I’m looking for a strong key encryption algorithm that has the additional feature that when the encrypted file gets corrupted or tempered with it will fail “loudly”; i.e. it will fail and tell me about it instead of producing garbage as decrypted output.
Ideally one which comes standard with Java. Does AES do this?
Thanks,
Carsten
PS> I know that I can do this manually by additionally computing a hash on the encrypted file, but I’d like to avoid doing that.
[edit: removed “public / private” as not really necessary for me, and inconsistent as people pointed out]

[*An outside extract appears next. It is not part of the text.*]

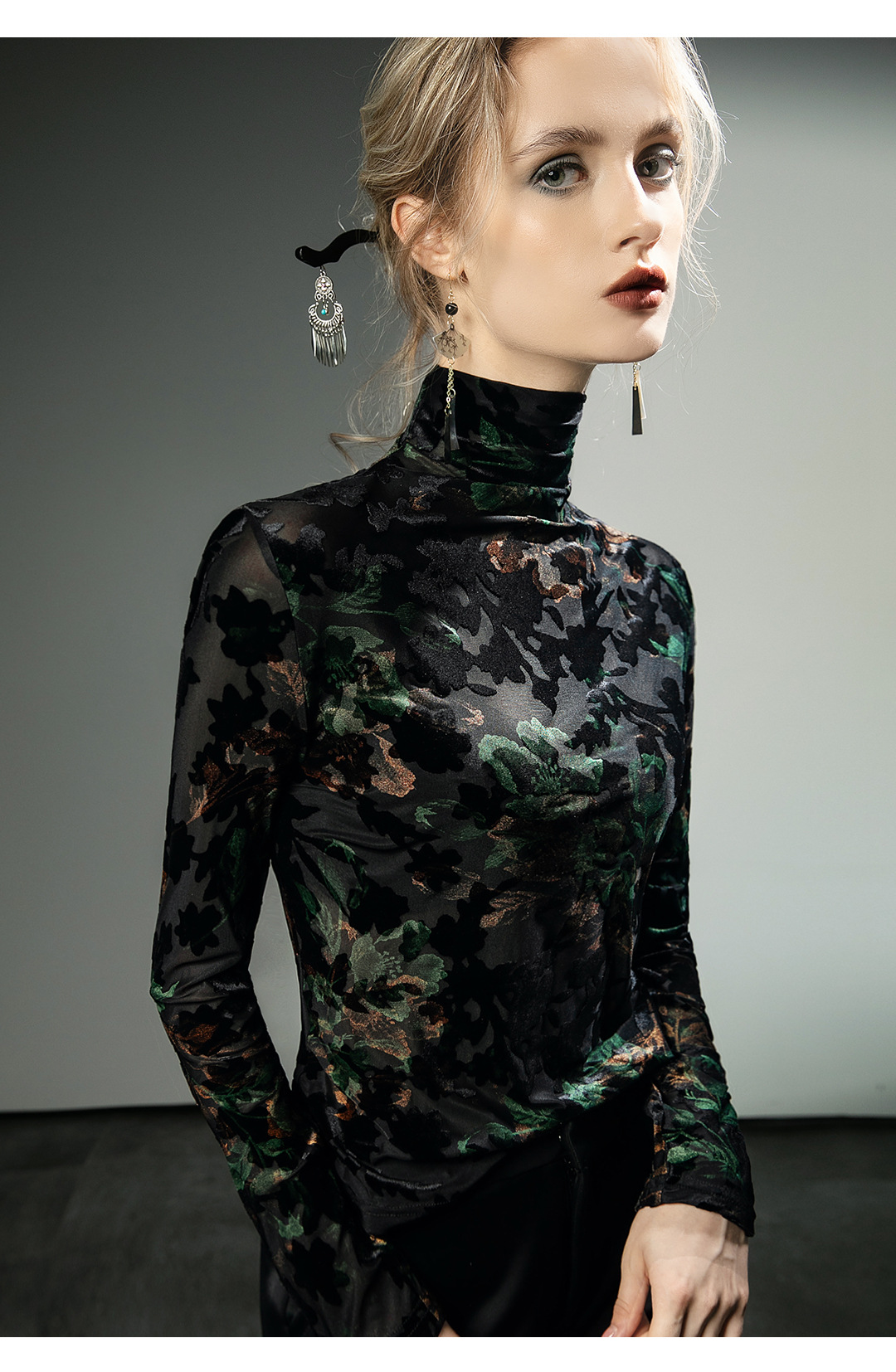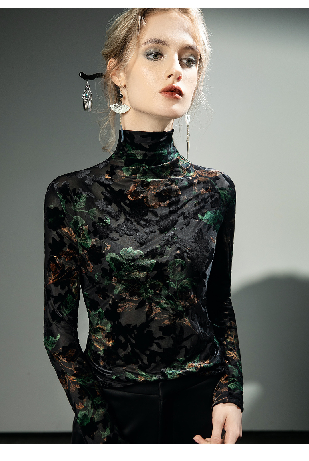 F20245311国风刺绣提花长袖秋冬新款气质打底上衣弹力修身新中式高领小衫 商品图1

You said that you want to use public/private key algorithm so asymetric. For example RSA encryption is using PKCS#1 padding. If you use
Cipher.getInstance("RSA")this padding is default. If decryption fails it is very probable that padding will be corrupted. In java you will get BadPaddingException.Nevertheless I strongly suggest using hashing (even fast MD5) or simple control sum instead. Look how it is done in IPSec. IPsec uses symmetric encription (DES) and HMAC (Message Authentication Codes using Hashing) – a mechanism for message authentication using cryptographic hash functions. Maybe, if you don’t need to hide data you should use HMAC only?
I can guess that you don’t need encryption, but digital signature. In fact digital signature is an encrypted (with private key) hash of a message. Verification is a decryption of this hash and comparation with computed from plaintext message.
If your provide more detail description then we can help to find the best solution.